* **Activity**
Retype nothing except the lines below from the one with "La morenista participó" through the one with "tháng 10. |", exactly, with images left out.

* **The records**
---+---

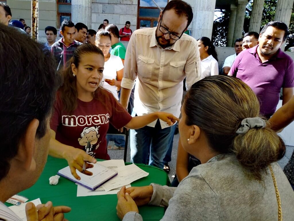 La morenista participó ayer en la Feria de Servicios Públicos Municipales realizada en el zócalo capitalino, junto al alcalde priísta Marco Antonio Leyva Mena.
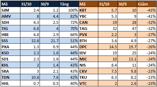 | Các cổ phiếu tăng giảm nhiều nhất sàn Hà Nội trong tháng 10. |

---+---

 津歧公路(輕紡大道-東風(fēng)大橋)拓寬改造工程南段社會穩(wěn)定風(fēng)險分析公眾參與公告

---+---

* **Answer to this problem**
 La morenista participó ayer en la Feria de Servicios Públicos Municipales realizada en el zócalo capitalino, junto al alcalde priísta Marco Antonio Leyva Mena.
 | Các cổ phiếu tăng giảm nhiều nhất sàn Hà Nội trong tháng 10. |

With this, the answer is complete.